Ich musste draußen warten. Sie wollte mich nicht dabei haben. Ich war zwar der Vater, doch das war ihr nicht wirklich wichtig. Zumindest durfte Chester dabei sein und hielt mich per Nachricht stets auf dem laufenden. Ich war nervös. Zwar durfte ich beim letzten Mal auch nicht dabei sein, doch Chester genauso wenig und wir hatten beide brav in einem kleinen separaten Zimmer gewartet, so wie ich jetzt. Nervös fuhr ich mir durch die Haare. In den letzten Monaten war wieder alles glatter gelaufen als davor. Elliott und ich hatten keine wirklich Affäre mehr, manchmal treffen wir uns noch auf einen Kaffee und reden einfach nur zusammen, aber mehr auch nicht. Ich glaube Chester war insgeheim ziemlich froh darüber. Und mir ging es von Tag zu Tag besser und wir gingen auch wieder mehr in die Öffentlichkeit, hatte auf ein paar mehr oder minder wichtigen Festivals gespielt und hatten ein kleines Minialbum aufgenommen.
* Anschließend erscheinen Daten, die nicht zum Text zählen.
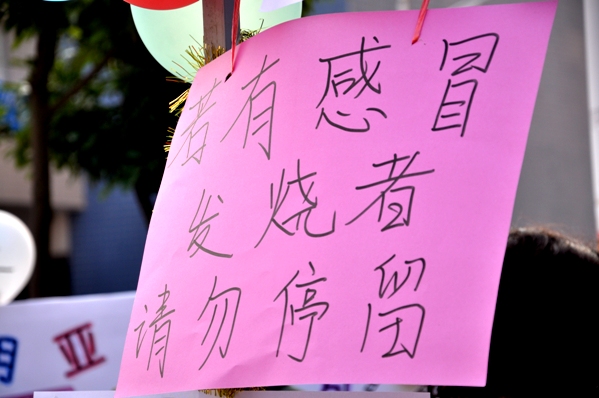 天天消毒,健康向上——曹庆国告诉记者,为更好地确保全校师生的健康,学校专门成立了预防甲流工作小组。教学区课室每天晚上的消毒工作由珠江物业负责,生活区宿舍等公共场地每周两次的消毒工作则由大众物业负责。记者得知,自从九月份以来消毒工作一直在开展,而近期则加大了力度。另外,学生大型活动如有需要举办,应按规定提前申报消毒工作。具体申报流程为:举办方提前上交活动的相关信息至后勤处——包括活动时间、地点和人数等——由后勤处的相关老师审批后安排物业公司落实消毒工作。“对于特大型的活动,如全国公务员考试和日语考试等,活动前后均进行了消毒。”他表示,“物业公司的工作人员近日都加班了,只为落实好预防甲流工作。”

Die Fans freuten sich natürlich darüber, doch wir hatten erklärt, dass sie sowohl auf die nächsten größeren Touren und auf ein richtiges Album warten mussten. Weil wir wieder Eltern wurden. Und deshalb wartete ich auch hier.

Die Geburt dauerte nun schon eine ganze Weile und musste bald soweit sein. Neugierig sah ich auf als sich die Tür zum Kreissaal quietschend öffnete. Mein Mann schob sich aus der Tür heraus, doch er hatte nichts im Arm und lehnte sich an die leere Wand. Dann nahm er seine Flasche Wasser vom Tisch und trank einen Schluck.

„Wie lange dauert es noch?" ,fragte ich schließlich.

„Die Hebamme meinte es dauert nicht mehr lange. Der Muttermund ist wohl schon weit genug offen." ,meinte er trocken und nahm noch einen Schluck.

„Dann sollte ich mir jetzt wohl keinen Kaffee holen." Der Brünette mir gegenüber schmunzelte.

„Vielleicht verpasse ich es gerade jetzt auch." ,grinste er.

„Vielleicht." Er nahm noch einen Schluck und stellte die Flasche gerade weg. Dann beugte er sich zu mir herunter und gab mir einen kurzen Kuss, wuschelte durch meinen Bart dabei.

„Ist ihr zufällig rausgerutscht was es wird?" ,fragte ich dann. Tobi und ich hatten immer noch ein ziemlich ambivalentes Verhältnis: Sie tolerierte mich, weil ich Chesters Ehemann bin und ich toleriere sie, weil sie Chesters Schwester ist. Sie hatte uns nie gesagt, welches Geschlecht unser Kind haben würde, so als würde sie mich damit ärgern wollen, aber vielleicht wollte sie uns einfach nicht überraschen.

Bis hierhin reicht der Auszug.